■ **Input material**
○ ○ ○ ○ ○

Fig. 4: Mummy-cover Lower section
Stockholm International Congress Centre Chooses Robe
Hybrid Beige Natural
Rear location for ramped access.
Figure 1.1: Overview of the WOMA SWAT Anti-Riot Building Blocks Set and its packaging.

○ ○ ○ ○ ○

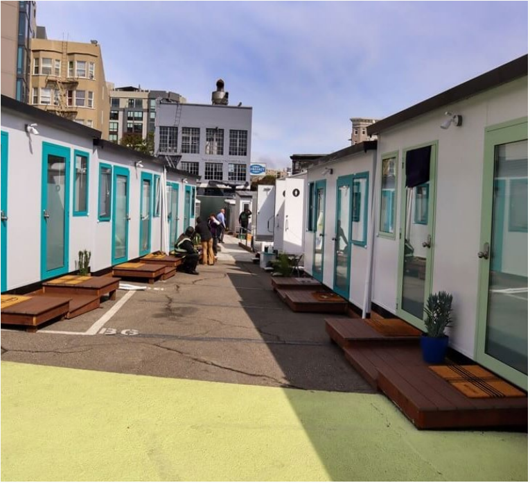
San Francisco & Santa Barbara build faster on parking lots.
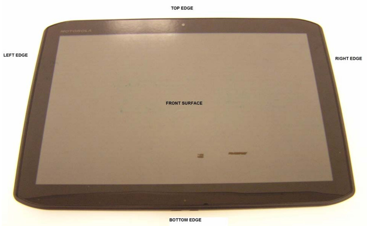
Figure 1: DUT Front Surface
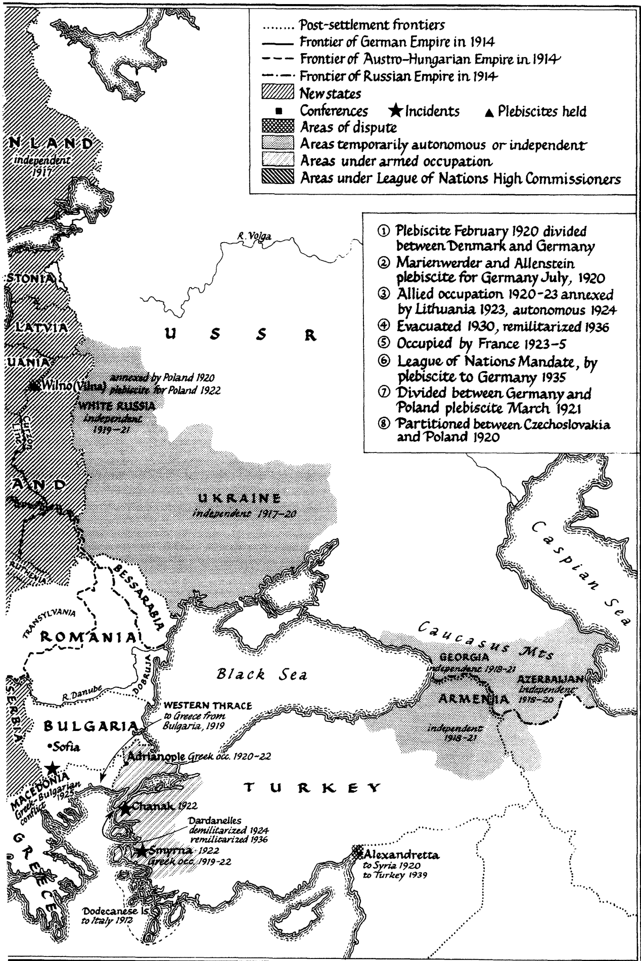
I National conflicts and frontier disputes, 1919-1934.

○ ○ ○ ○ ○

■ **To do**
Within the entries above, give again exactly the lines starting at the one that contains "San Francisco &" and ending at the one that contains "I National conflicts", leaving out the pictures.

■ **Answer box**
San Francisco & Santa Barbara build faster on parking lots.
Figure 1: DUT Front Surface
I National conflicts and frontier disputes, 1919-1934.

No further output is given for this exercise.